我想引用" pandas "原作者fresh article about design issues and future Pandas2中的一句话来结束本节。

pandas 的经验法则：拥有数据集大小的5到10倍的RAM

进程树

最后，让我们来到池中，看看是否可以使用写入时复制(copy-on-write)。我们将使用smemstat(可从Ubuntu存储库获得)来估计进程组内存共享，并使用glances写下系统范围内的空闲内存。两者都可以编写JSON。

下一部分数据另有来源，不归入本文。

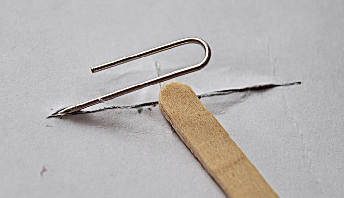 - Pliez le trombone de sorte qu'un crochet se forme d'un côté et une dent droite de l'autre.
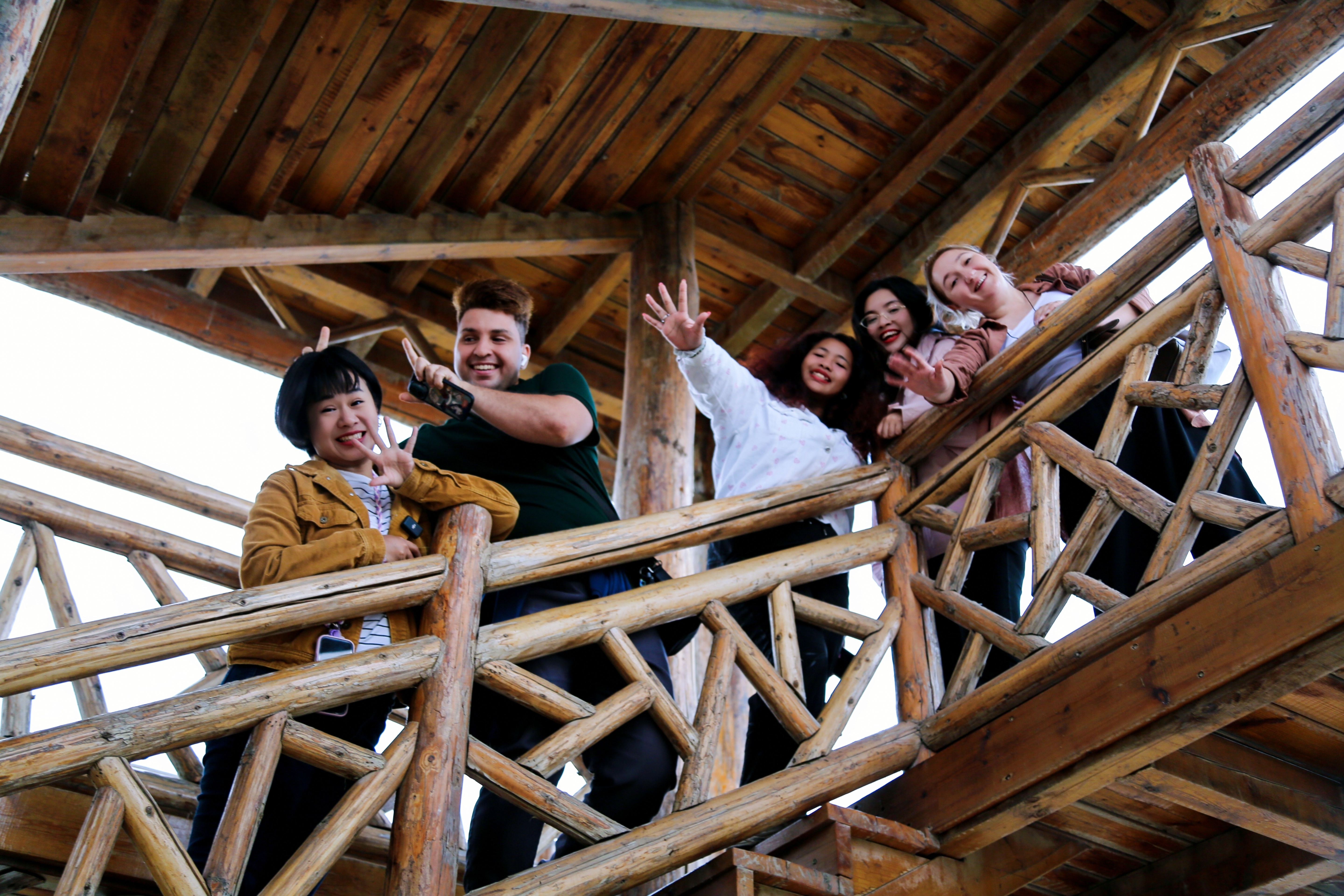 外国网红博主们在观望台合影
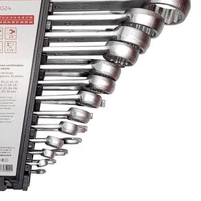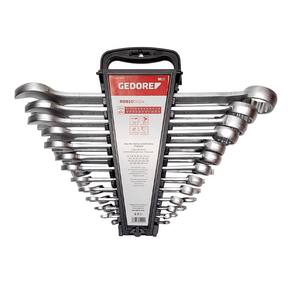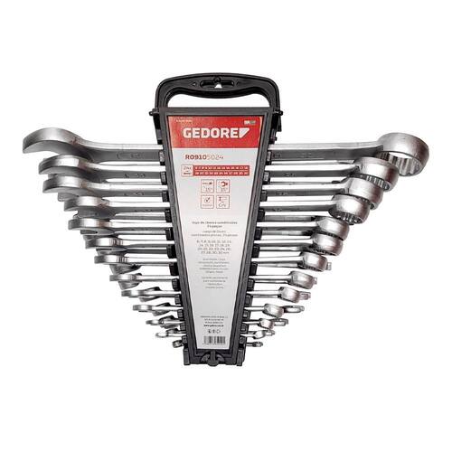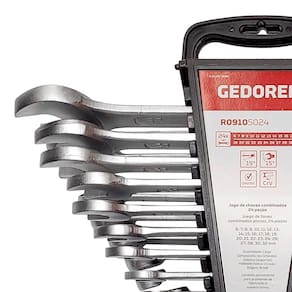 Jogo composto por chaves combinadas em milimetros (mm) Composição do Jogo: 6; 7; 8; 9; 10; 11; 12; 13; 14; 15; 16; 17; 18; 19; 20; 21; 22; 23; 24; 26; 27; 28; 30; 32 mm Fabricadas conforme normas DIN 3113 forma A, ISO 3318 e ISO 7738 Posição da boca 15° Posição da cabeça ( lado estrela) 15° Acabamento cromado fosco Aço cromo vanádio Com suporte especial GEDORE RED
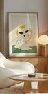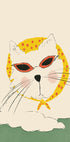 Eine skurrile Illustration im Retro-Stil einer Katze mit eleganter Sonnenbrille und einem gelb gepunkteten Schal. Mit verspielten Linien und einem nostalgischen Mid-Century-Flair vereint dieses Stück Humor und Charme und setzt ein freudiges Statement für Katzenliebhaber und Retro-inspirierte Innenräume.
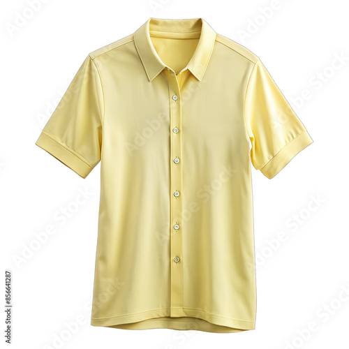 A plain yellow short sleeve button down shirt with a collared neck. Generative AI
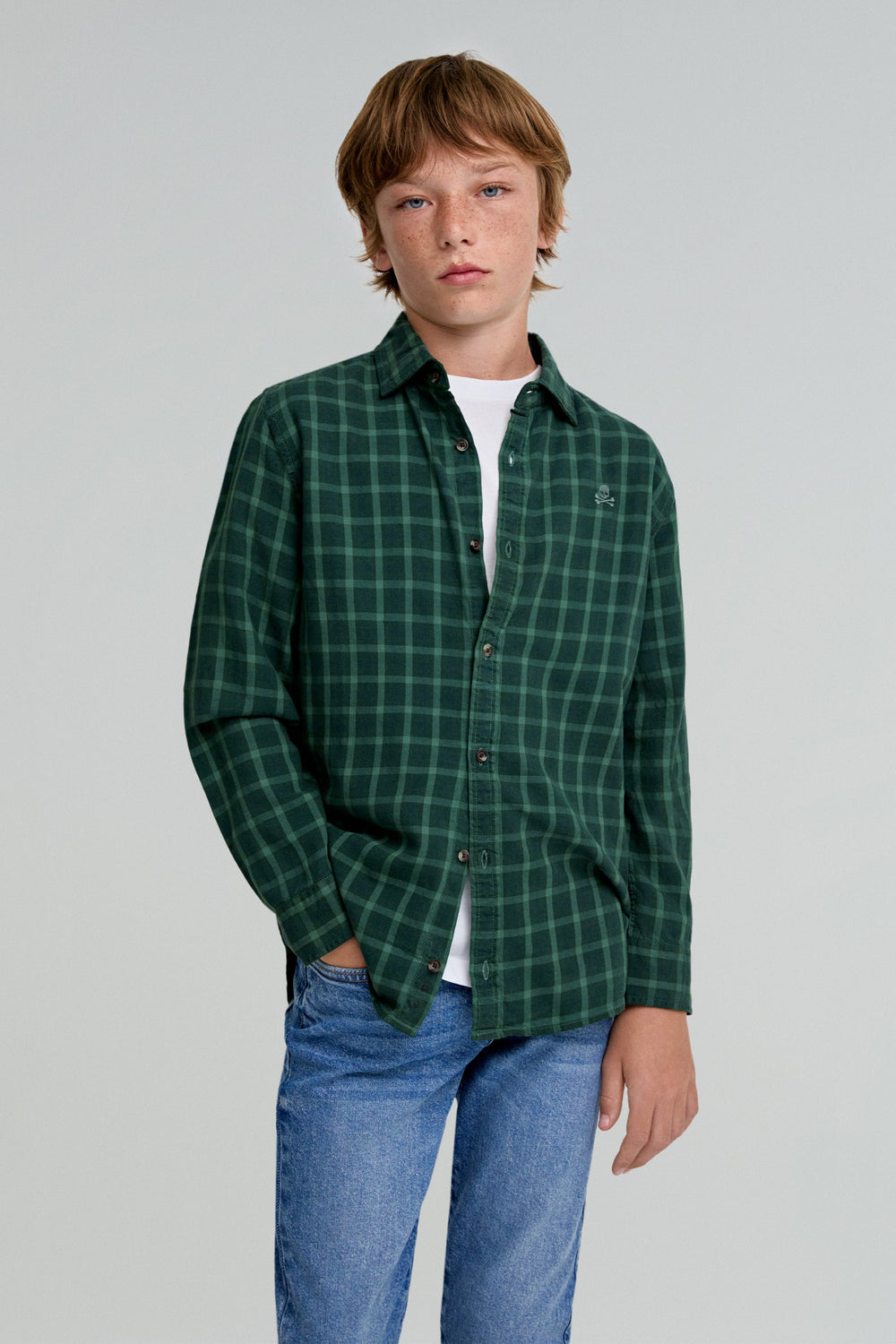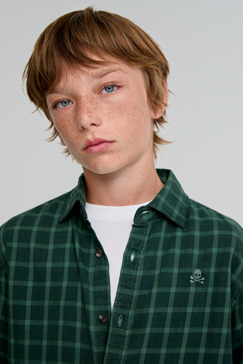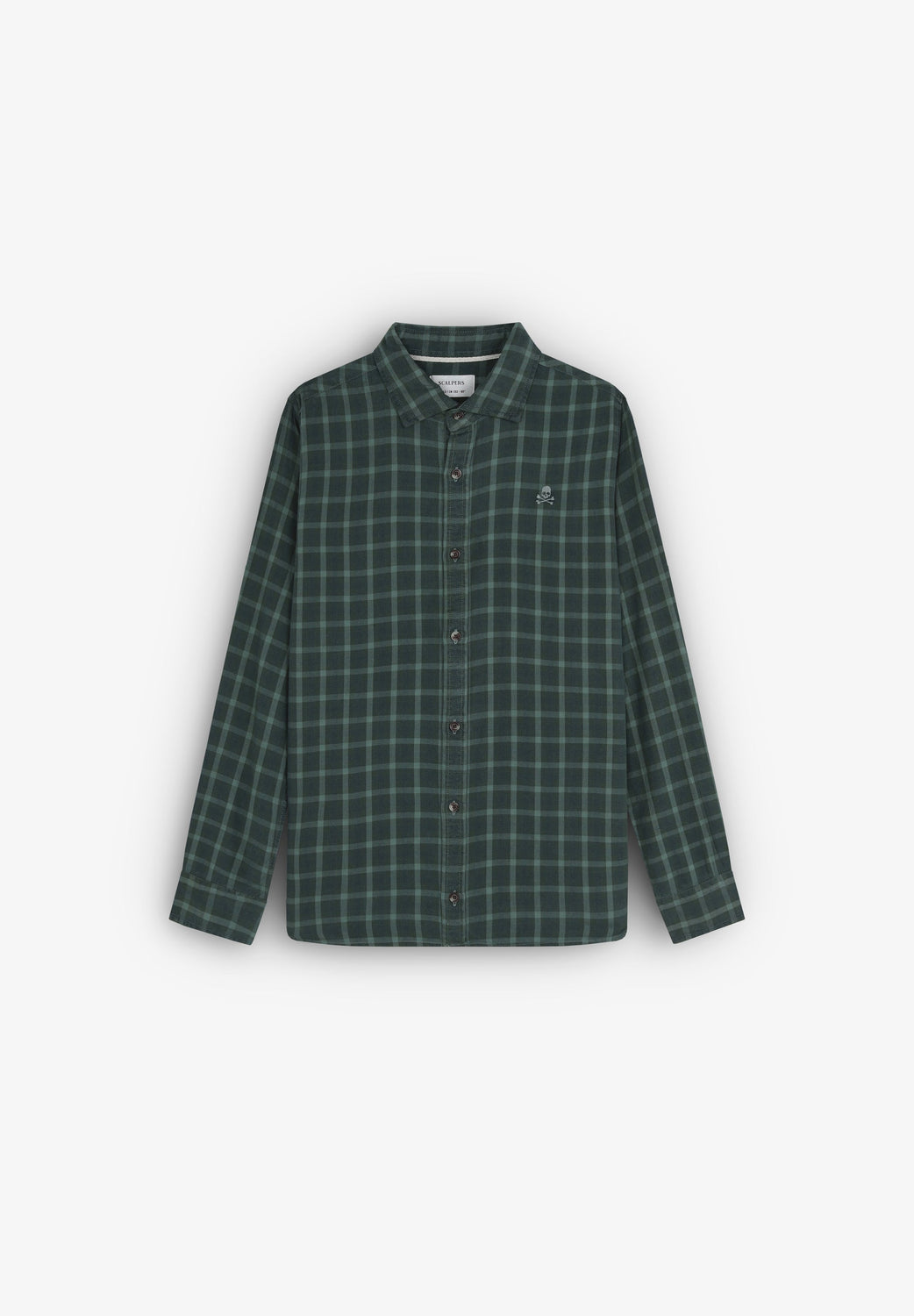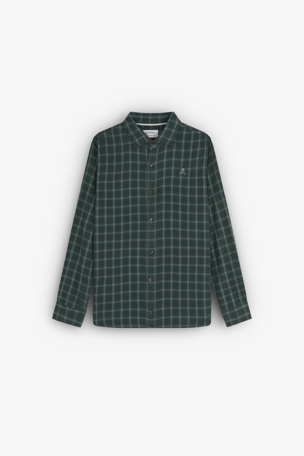 Camisa de cuadros confeccionada en 100% algodón BCI. Regular fit, cuello clásico y cierre con botones. Manga larga terminada en puño con botón. Calavera bordada.

我们将使用Pool(2)运行原始脚本。我们需要3个终端窗口。

smemstat -l -m -p "python3.6 script.py" -o smemstat.json 1
glances -t 1 --export-json glances.json
mprof run -M script.py

则mprof plot生成：

总和图表(mprof run --nopython --include-children ./script.py)如下所示：

请注意，上面的两个图表显示了RSS。假设是因为写时复制，所以它不能反映实际的内存使用情况。现在我们有来自smemstat和glances的两个JSON文件。我将使用以下脚本将JSON文件转换为CSV。

#!/usr/bin/env python3

import csv
import sys
import json

def smemstat():
  with open('smemstat.json') as f:
    smem = json.load(f)

  rows = []
  fieldnames = set()    
  for s in smem['smemstat']['periodic-samples']:
    row = {}
    for ps in s['smem-per-process']:
      if 'script.py' in ps['command']:
        for k in ('uss', 'pss', 'rss'):
          row['{}-{}'.format(ps['pid'], k)] = ps[k] // 2 ** 20

    # smemstat produces empty samples, backfill from previous
    if rows:            
      for k, v in rows[-1].items():
        row.setdefault(k, v)

    rows.append(row)
    fieldnames.update(row.keys())

  with open('smemstat.csv', 'w') as out:
    dw = csv.DictWriter(out, fieldnames=sorted(fieldnames))
    dw.writeheader()
    list(map(dw.writerow, rows))

def glances():
  rows = []
  fieldnames = ['available', 'used', 'cached', 'mem_careful', 'percent',
    'free', 'mem_critical', 'inactive', 'shared', 'history_size',
    'mem_warning', 'total', 'active', 'buffers']
  with open('glances.csv', 'w') as out:
    dw = csv.DictWriter(out, fieldnames=fieldnames)
    dw.writeheader()
    with open('glances.json') as f:
      for l in f:
        d = json.loads(l)
        dw.writerow(d['mem'])

if __name__ == '__main__':
  globals()[sys.argv[1]]()

首先让我们看一下free内存。

第一和最小值之间的差值为~4.15GiB。以下是PSS数据的外观：

和总和：

因此我们可以看到，由于写入时复制，实际内存消耗约为4.15GiB。但我们仍在序列化数据，以便通过Pool.map将其发送到工作进程。我们是否也可以在此处利用写入时复制功能？

共享数据

要使用写入时复制，我们需要使list(gen_matrix_df_list.values())可以全局访问，以便分支之后的Worker仍然可以读取它。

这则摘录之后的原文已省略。